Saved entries
——————————

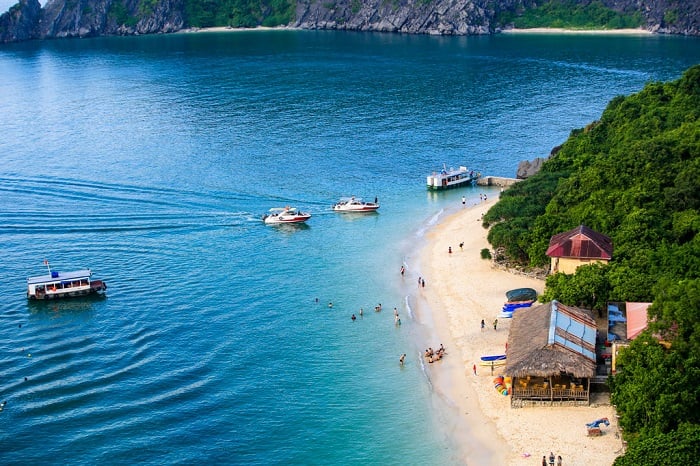14:30 Swimming and jumping from the boat at Ba Trai Dao Beach which is very natural, remote, quiet and less-touristy. We can discover the temple beach, more lagoons and arches.
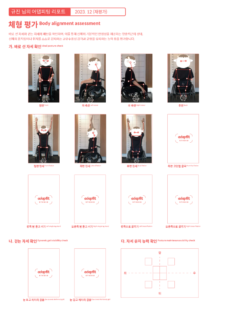2회*에 걸쳐 체형, 자세 및 신체 기능에 대한 평가를 진행합니다. 맞춤과정(명칭: 어댑피팅)의 일환으로 진행되며, 초기 평가의 결과는 종료 시점까지 변화에 대한 기준점이 됩니다. *기존 상품은 3회이나, 이전에 어댑피팅을 진행한 적이 있어 2회로 진행 후 나머지 1회는 종료 후 재평가로 진행합니다. 평가비 150,000원은 행복나눔재단이 부담합니다.
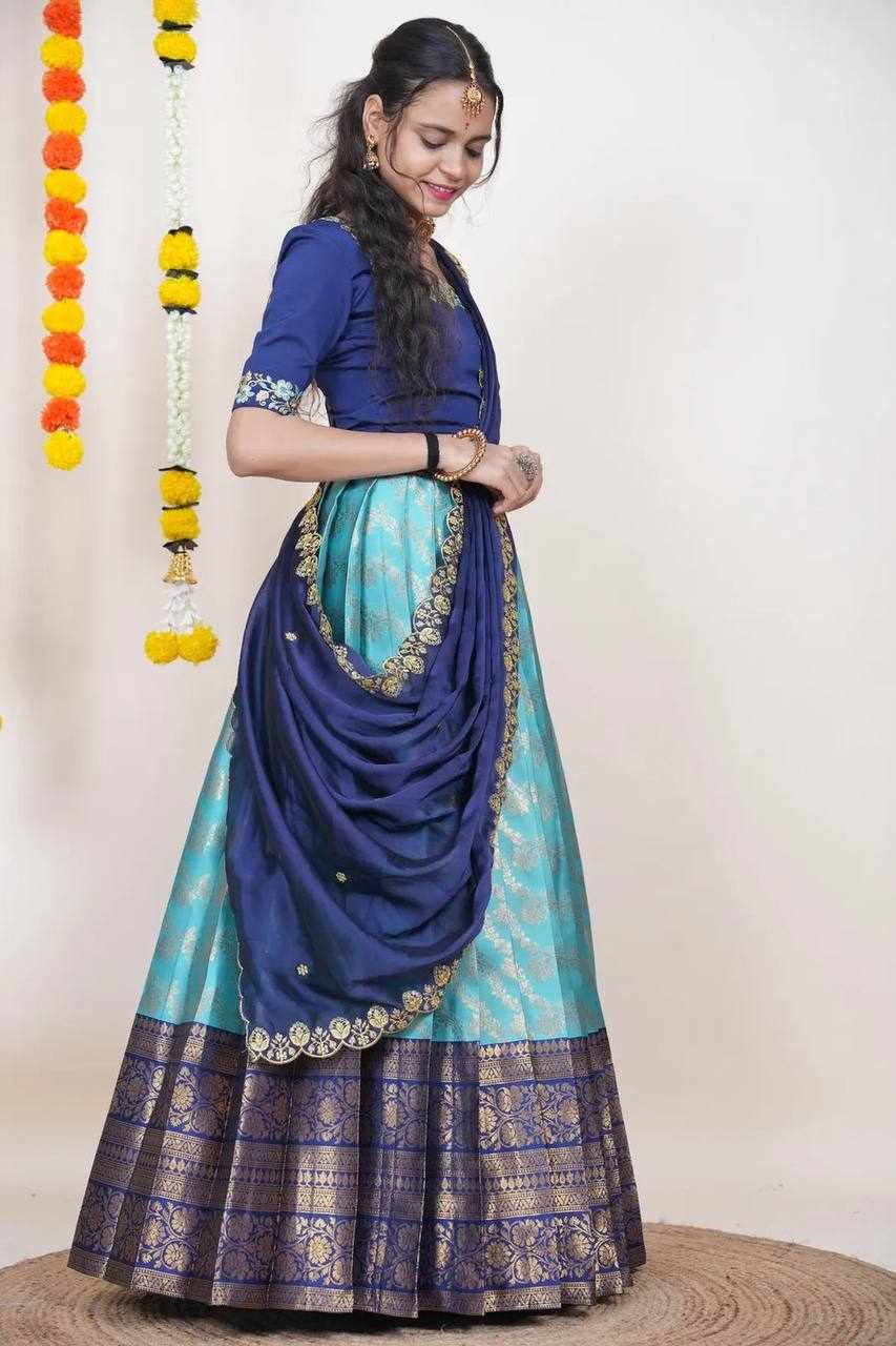| Name : | KPW 332 Kanjiveram Silk Zari Lehanga Banarashi Silk Duppta |
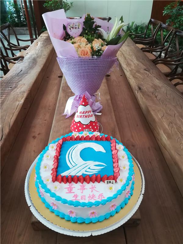 大家訂制了一個有公司logo的生日蛋糕,一起唱生日歌,送祝福,用特有的方式為董事長送上一份別樣的生日禮物。
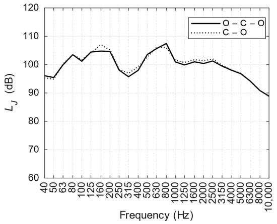 where fc is the center frequency of the considered one-third octave band, Lp is the space average of the statistically averaged single-event time-integrated sound pressure levels, k1 is the correction accounting for the background noise, k2 is the correction due to the reflections, and S is the area of the control surface enveloping the source. The difference between the total noise including the TSG impulse and the sole background noise inside the station exceeds 10 dB in the whole frequency range of interest, so the correction k1 in Equation (1) can be neglected. Similarly, when the measurements are carried out in open-air, the correction factor k2 can be ignored. The spectra obtained for the two events are shown in Figure 7. The computed overall sound energy level of the TSG is 115.5 dB (O–C–O event) and 115.8 dB (C–O event).
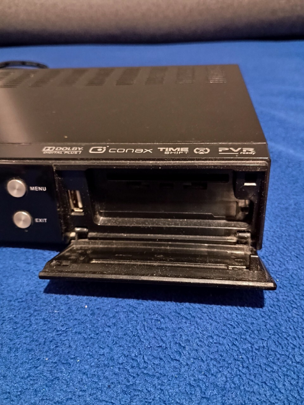 Funkcje: nagrywanie z USB (PVR, Timeshift), czytnik kart Conax, wyjścia HDMI/SCART, odtwarzanie multimediów z USB.
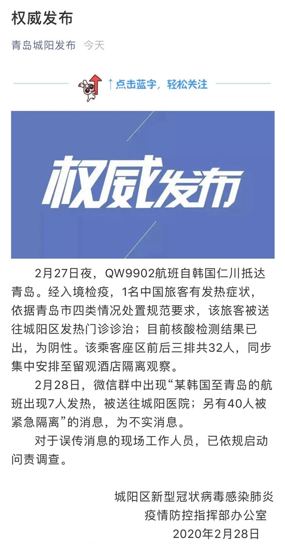 刚刚,城阳区新冠肺炎疫情防控指挥部办公室发布情况说明:2月27日夜,QW9902航班自韩国仁川抵达青岛。经入境检疫,1名中国旅客有发热症状,依据青岛市四类情况处置规范要求,该旅客被送往城阳区发热门诊诊治;目前核酸检测结果已出,为阴性。该乘客座区前后三排共32人,同步集中安排至留观酒店隔离观察。

——————————

(Task requirements) In the records above, find the line with "Silk Duppta |". Print exactly from there through the line with "大家訂制了一個有公司logo", minus the pictures.

(Exercise output)
| Name : | KPW 332 Kanjiveram Silk Zari Lehanga Banarashi Silk Duppta |
 大家訂制了一個有公司logo的生日蛋糕,一起唱生日歌,送祝福,用特有的方式為董事長送上一份別樣的生日禮物。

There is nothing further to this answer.